Due: Wednesday, May 1, end of day (11:59 pm CT)

<hr>

## Imports 

Run the following code cell to import the necessary packages into the file.  You may import additional packages, as needed for this assignment.

In [None]:
import pandas as pd
import matplotlib.pyplot as plt
import seaborn as sns; sns.set()
from sklearn.model_selection import train_test_split
from sklearn.linear_model import LinearRegression
from sklearn.linear_model import Ridge
from sklearn.linear_model import Lasso

## The Data

With available climate data dating back many decades and the prevalence of climate change, humans are looking to understand exactly how different features of the climate affect the temperatures globally.  For this assignment, we will look to understand how the **global temperature** fluctuates based on other environmental features.

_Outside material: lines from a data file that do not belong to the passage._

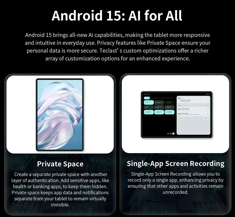 [Android with TeclastOS ] TeclastOS enhances the user experience with advanced features like PC Mode, multi-window support, and Single-App Screen Recording, making it perfect for productivity, entertainment, and everyday tasks.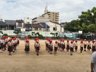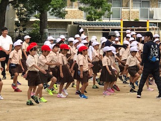 全体練習の1回目です。並び方、足踏みが全員そろうように基本的練習です。初めての1年生も、周りを見ながら、しっかりがんばっています。気をつけでは、まっすぐ美しく、みんなの心が一つになりました。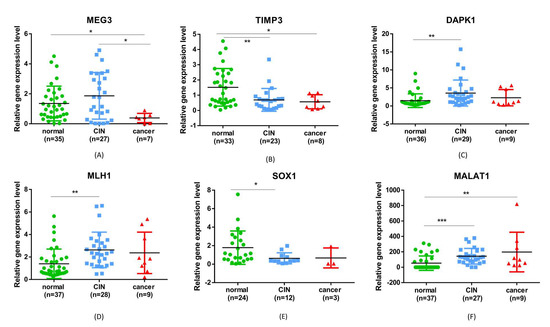 Expression levels of (A) MEG3, (B) TIMP3, (C) DAPK1, (D) MLH1, (E) SOX1 and (F) MALAT1 for normal, cervical intraepithelial neoplasia (CIN) and cancer samples. (* p ≤ 0.05, ** p ≤ 0.01, *** p ≤ 0.0001).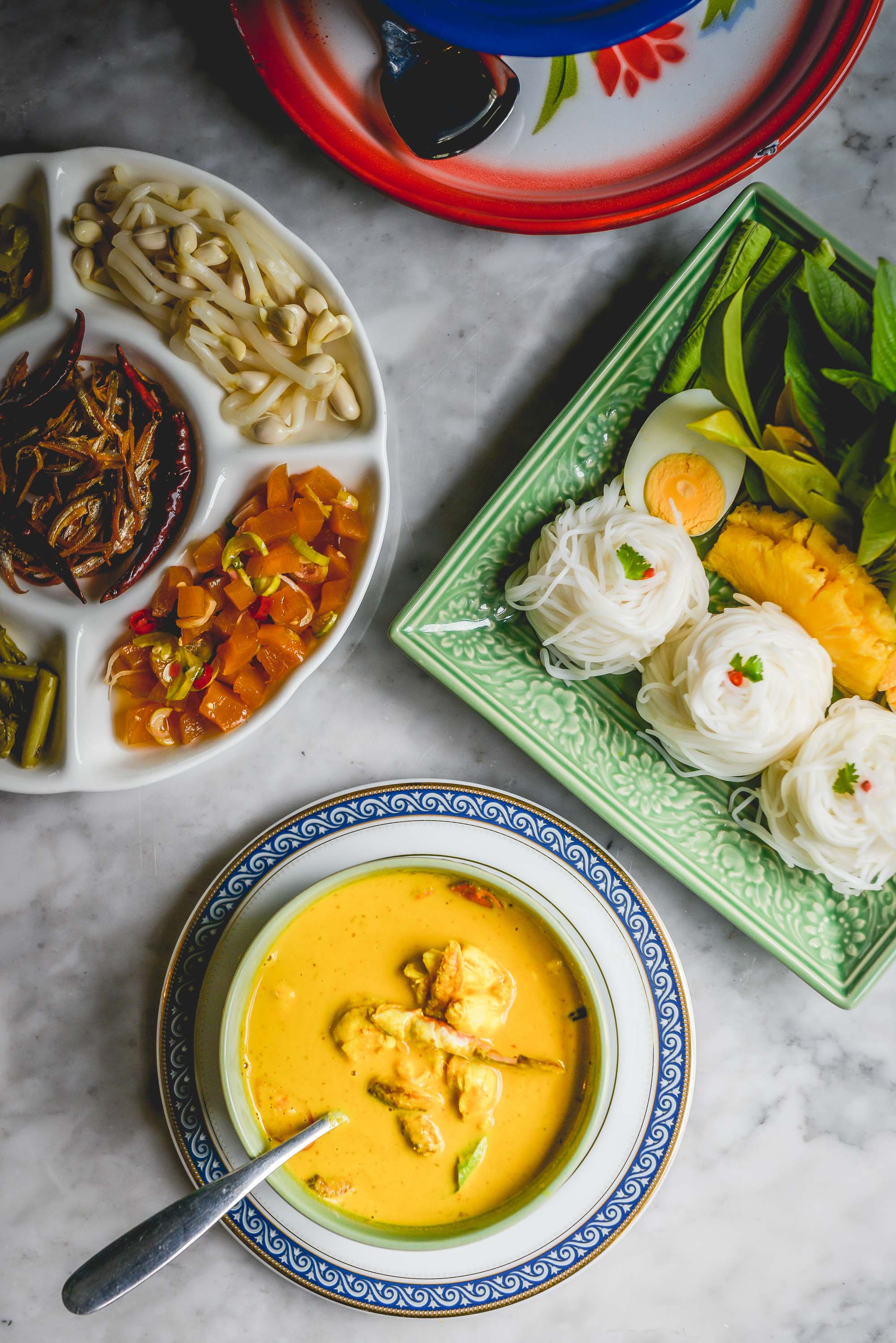 เมื่อมาถึงร้านแล้ว ลองเริ่มกันที่เมนูแรกอย่าง ขนมจีนน้ำยาปูภูเก็ต (350 บาท) ขนมจีน และเครื่องเคียง ที่เสิร์ฟมาคู่กับน้ำยาปูรสชาติเข้มข้น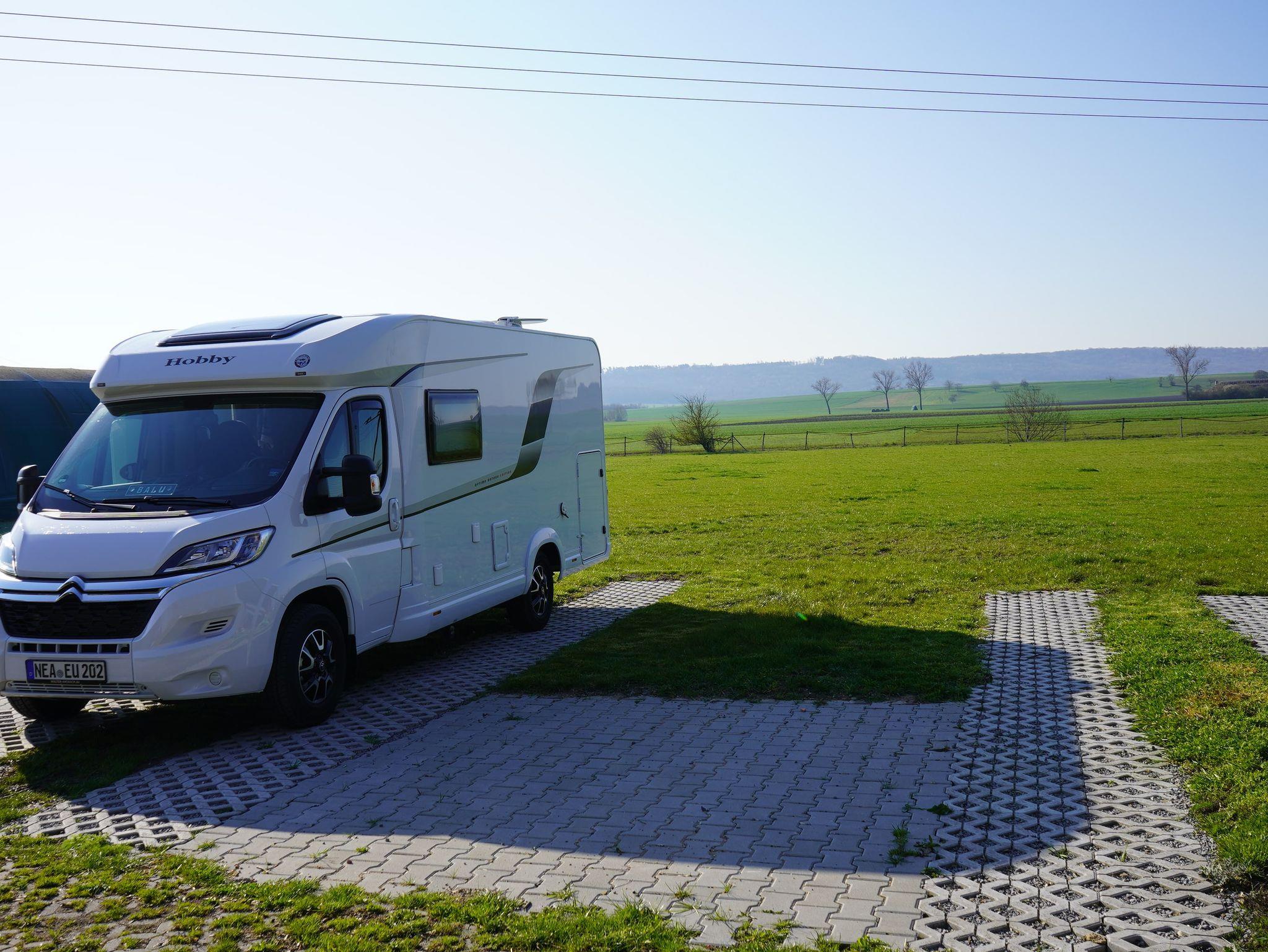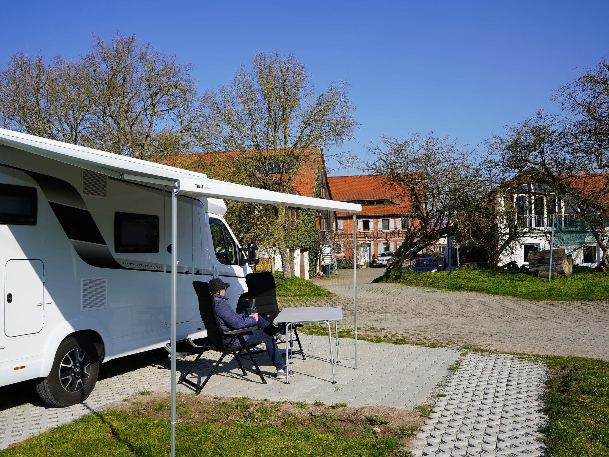 Unsere 3 Wohnmobilstellplätze befinden sich auf der Wiese hinter dem Hof. Der Untergrund ist befestigt und ein Stromanschluss ist vorhanden. Sie können gerne die öffentlichen WC`s am Hof benutzen.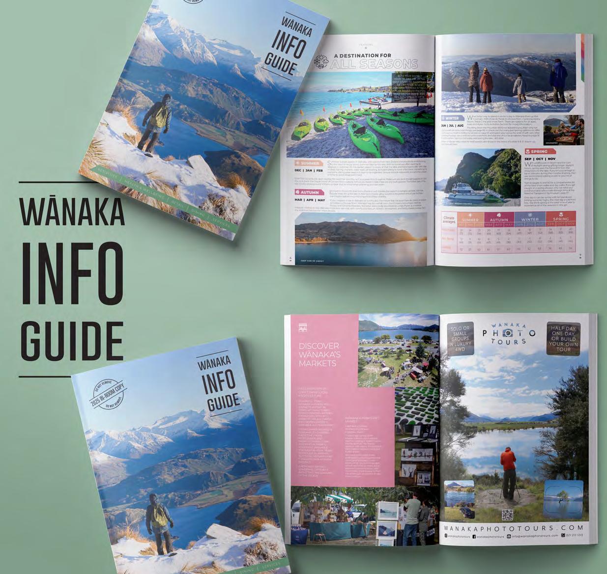 If you have a B&B/Airbnb, hotel, motel, or hostel, then pick up your free copies from the Messenger office located at 24 Dungarvon St. The Wānaka Info Guide is produced annually, is free of charge and distributed throughout Wānaka’s hospitality sector. It is the ‘go to guide’ of where to go, what to do, where to dine and shop when visiting our beautiful region.

We will use various atmospheric and temperature measures over 309 months from 1983 to 2008, with the following variables:

- **Year**: the observation year
- **Month**: the observation month, recorded with numbers 1 to 12
- **MEI**: Multivariate El Nino Southern Oscillation Index (MEI), measuring the affects of the El Nino weather pattern
- **CO2**: atmospheric concentration of carbon dioxide (in ppmv, parts per million by volume)
- **CH4**: atmospheric concentration of methane (in ppmv)
- **N2O**: atmospheric concentration of nitrous oxide (in ppmv)
- **CFC-11**: atmospheric concentration of CCl3F or trichlorofluoromethane (in ppbv, parts per billion by volume)
- **CFC-12**: atmospheric concentration of CCl2F2 or dichlorodifluoromethane (in ppbv)
- **TSI**: the total solar irradiance (TSI) (in W/m2), measuring the rate at which the sun's energy is deposited per unit area.
- **Aerosols**: the mean stratospheric aerosol optical depth at 500 nm, a measure associated with volcanic activity
- **Temp**: the difference in the average global temperature for that month (in Celsius) and a reference value

The ESRL/NOAA Physical Sciences Division reports the MEI; atmospheric concentrations are measured by the ESRL/NOAA Global Monitoring Division; the SOLARIS-HEPPA project website provides the TSI; the Godard Institute for Space Studies at NASA reports the Aerosols; and the Climatic Research Unit at the University of East Anglia reports the Temp.

Run the code in the cell below to read in the cleaned data for this document.  The data is saved as `df` with this code.  

In [None]:
df = pd.read_csv('climate_change.csv')
df_train = df[df['Year'] <= 2006]
df_test = df[df['Year'] >= 2007]
X_train = df_train.drop(['Year', 'Month', 'Temp'], axis = 1)
X_test = df_test.drop(['Year', 'Month', 'Temp'], axis = 1)
y_train = df_train['Temp']
y_test = df_test['Temp']

## 1. Summarize Data [2 points]

Above, we set aside a training data.  We didn't randomly select our training and test set; instead, we imagine that we fit a model using the available data in 2006 in our training data.  We'll then use the following data from the months from 2007 and 2008 as the test set.

As defined in our X_train and X_test above, our response variable for this assignment with be **Temp**.  We'll use all variables except the **Year** and **Month** as our predictor variables.

**a)** First, let's explore the summary statistics between our predictor variables.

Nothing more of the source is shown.